Stored items from a collection:
————————

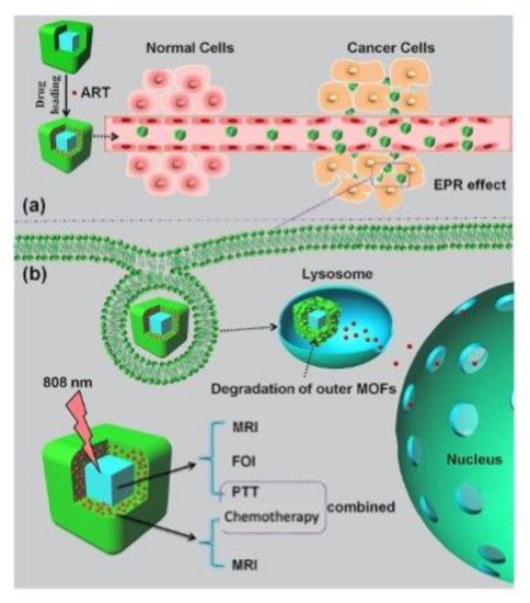 Picture of multifunctional nanoMOFs targeting tumors for combined therapy. (a) Loading and delivery process through the enhanced permeation and retention (EPR) effect. (b) pH-responsive degradation of outer magnetic nanoMOFs for drug release and dual-modal FOI- and MRI-guided cancer therapy in vitro and in vivo. Reprinted with permission from [69], copyright 2020 from Elsevier (Amsterdam, The Netherlands).
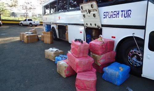 Policiais rodoviários da Rotam apreenderam no início desta terça-feira um ônibus abarrotado com mercadorias do Paraguai na PR-317, entre Floresta e Peabiru. Nele havia vários fardos de roupas, brinquedos, óculos, controles de PlayStation, DVDs, acessórios de celulares, telefones, entre outros eletrônicos e miudezas, avaliadas em R$ 200 mil. Os dezesseis passageiros foram liberados, pois a cota individual não ultrapassava a permitida por lei. Todos foram identificados e responderão o processo por descaminho em liberdade. O ônibus com as mercadorias foi encaminhado para o depósito da Receita Federal.
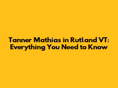Hey guys! Today, we're diving deep into everything you need to know about Tanner Mathias in Rutland, Vermont. Whether you're a local, planning a visit, or just curious, we've got you covered. We'll explore who Tanner Mathias is, what makes Rutland special, and how these two intersect. Get ready for an engaging and informative journey!
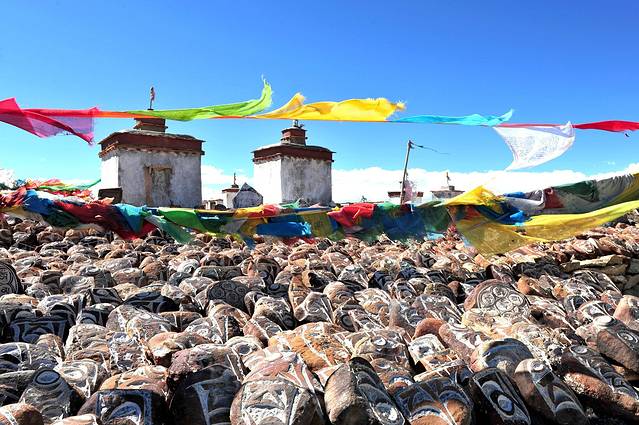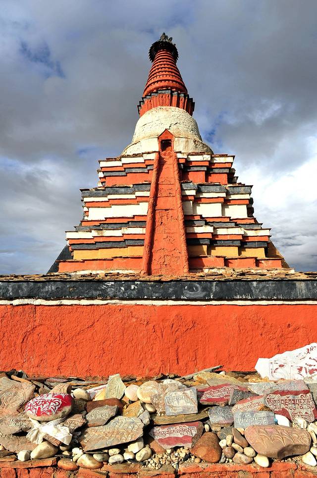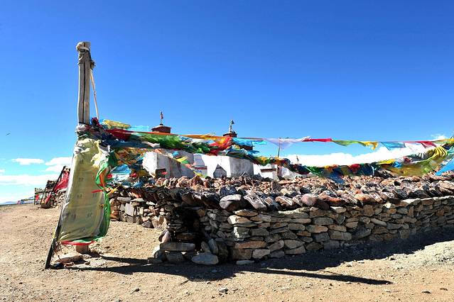 我们所在山坡最高处,有一处白塔群,几座白塔伫立在玛尼石堆中。这里也有几张照片是第二天上来时拍摄的。
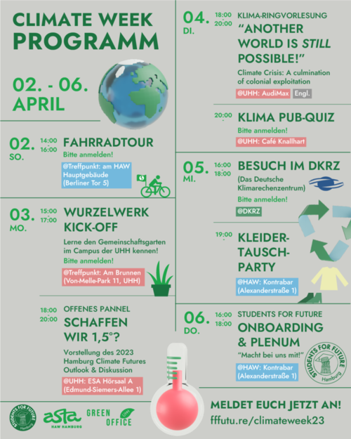 Auch zu Beginn des Sommersemesters 2023 haben wir wieder in Kooperation mit den Students for Future und den UHH und HAW Asten eine Themenwoche zur Klimakrise organisiert. Es gab ein breites Programm von einer Fahrradtour, über ein Pub Quiz bis hin zu einer Podiumsdiskussion des neusten "Hamburg Climate Future Outlooks".
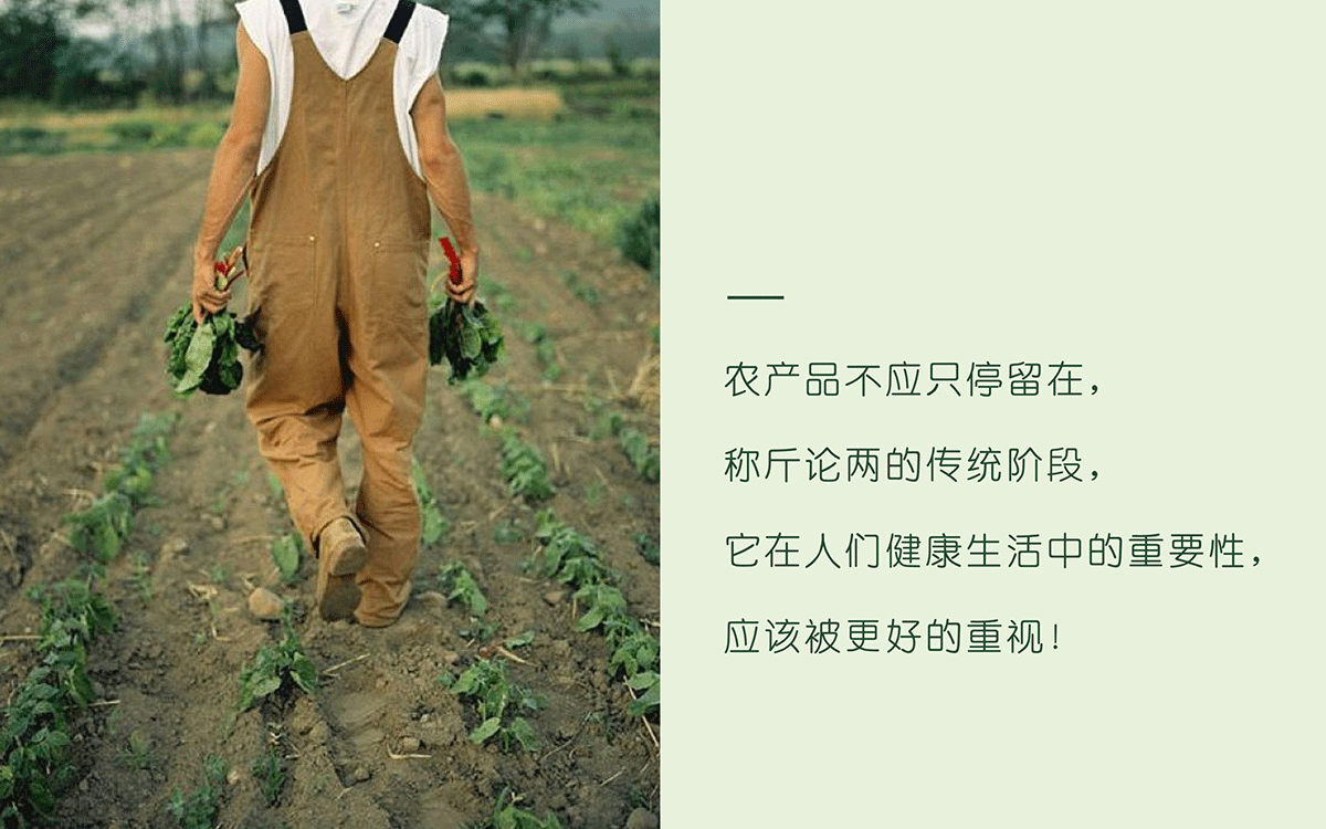 幫助良心企業塑造誠實品牌 農產品不應只停留在,稱斤論兩的傳統階段, 它在人們健康生活中的重要性, ?應該被更好的重視。 這一次我們接受委托的項目,是關乎大眾身體健康和對健康食品認知有盲區的品類:有機食品,這讓設計團隊深感責任在身,如何誠實、客觀的塑造品牌形象,是這一次設計項目需要解決的根本問題。
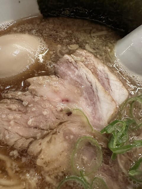 今までで一番食べるまで時間がかかりました。もちもち雲吞味玉中華そばをいただきました。
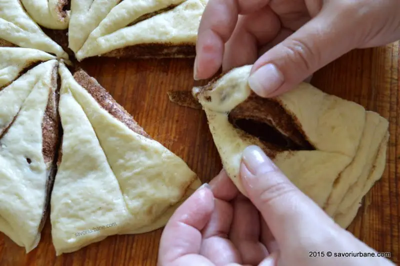 Se scoate aluatul din vas pe o scandura unsa cu ulei si se imparte in 5 parti, din care o parte va fi un pic mai mica. Intr-un castron se amesteca zaharul cu scortisoara – pentru umplutura.
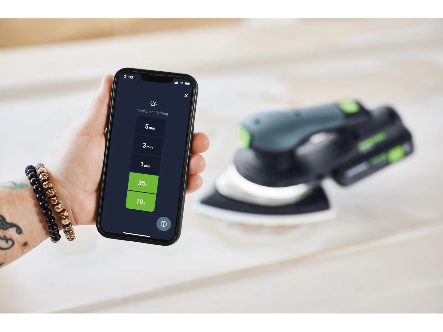 - Mehr Funktionen mit der Festool App: Mit deinem Smartphone kannst du das Licht individuell stufenlos dimmen und die Leuchtdauer einstellen - so kannst du die Oberfläche nach dem Schleifen noch einmal prüfen
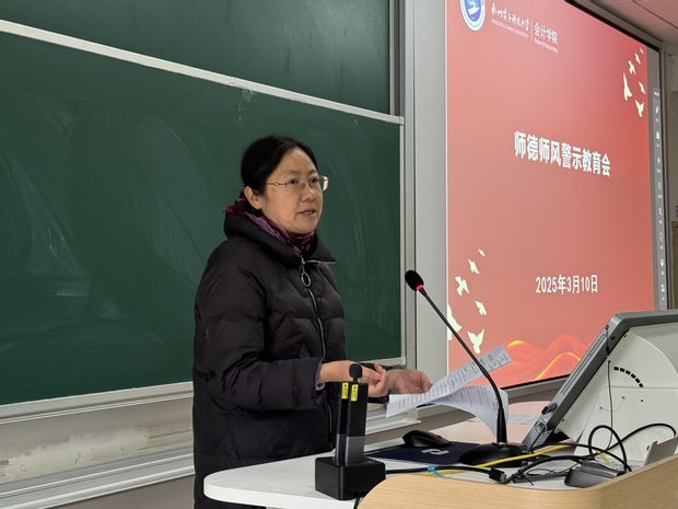 3月10日下午,会计学院在12教108教室召开全院教职工大会暨师德师风专题教育会,围绕师德师风专题教育、警示教育、学术诚信等方面展开深入交流与学习。会计学院党委书记徐兵主持,学院领导班子成员、全体教职工参加会议。

————————

Try it:
A faithful copy of all the entries is required, pictures excluded.

Your solution:
 Picture of multifunctional nanoMOFs targeting tumors for combined therapy. (a) Loading and delivery process through the enhanced permeation and retention (EPR) effect. (b) pH-responsive degradation of outer magnetic nanoMOFs for drug release and dual-modal FOI- and MRI-guided cancer therapy in vitro and in vivo. Reprinted with permission from [69], copyright 2020 from Elsevier (Amsterdam, The Netherlands).
 Policiais rodoviários da Rotam apreenderam no início desta terça-feira um ônibus abarrotado com mercadorias do Paraguai na PR-317, entre Floresta e Peabiru. Nele havia vários fardos de roupas, brinquedos, óculos, controles de PlayStation, DVDs, acessórios de celulares, telefones, entre outros eletrônicos e miudezas, avaliadas em R$ 200 mil. Os dezesseis passageiros foram liberados, pois a cota individual não ultrapassava a permitida por lei. Todos foram identificados e responderão o processo por descaminho em liberdade. O ônibus com as mercadorias foi encaminhado para o depósito da Receita Federal.
Hey guys! Today, we're diving deep into everything you need to know about Tanner Mathias in Rutland, Vermont. Whether you're a local, planning a visit, or just curious, we've got you covered. We'll explore who Tanner Mathias is, what makes Rutland special, and how these two intersect. Get ready for an engaging and informative journey!
 我们所在山坡最高处,有一处白塔群,几座白塔伫立在玛尼石堆中。这里也有几张照片是第二天上来时拍摄的。
 Auch zu Beginn des Sommersemesters 2023 haben wir wieder in Kooperation mit den Students for Future und den UHH und HAW Asten eine Themenwoche zur Klimakrise organisiert. Es gab ein breites Programm von einer Fahrradtour, über ein Pub Quiz bis hin zu einer Podiumsdiskussion des neusten "Hamburg Climate Future Outlooks".
 幫助良心企業塑造誠實品牌 農產品不應只停留在,稱斤論兩的傳統階段, 它在人們健康生活中的重要性, ?應該被更好的重視。 這一次我們接受委托的項目,是關乎大眾身體健康和對健康食品認知有盲區的品類:有機食品,這讓設計團隊深感責任在身,如何誠實、客觀的塑造品牌形象,是這一次設計項目需要解決的根本問題。
 今までで一番食べるまで時間がかかりました。もちもち雲吞味玉中華そばをいただきました。
 Se scoate aluatul din vas pe o scandura unsa cu ulei si se imparte in 5 parti, din care o parte va fi un pic mai mica. Intr-un castron se amesteca zaharul cu scortisoara – pentru umplutura.
 - Mehr Funktionen mit der Festool App: Mit deinem Smartphone kannst du das Licht individuell stufenlos dimmen und die Leuchtdauer einstellen - so kannst du die Oberfläche nach dem Schleifen noch einmal prüfen
 3月10日下午,会计学院在12教108教室召开全院教职工大会暨师德师风专题教育会,围绕师德师风专题教育、警示教育、学术诚信等方面展开深入交流与学习。会计学院党委书记徐兵主持,学院领导班子成员、全体教职工参加会议。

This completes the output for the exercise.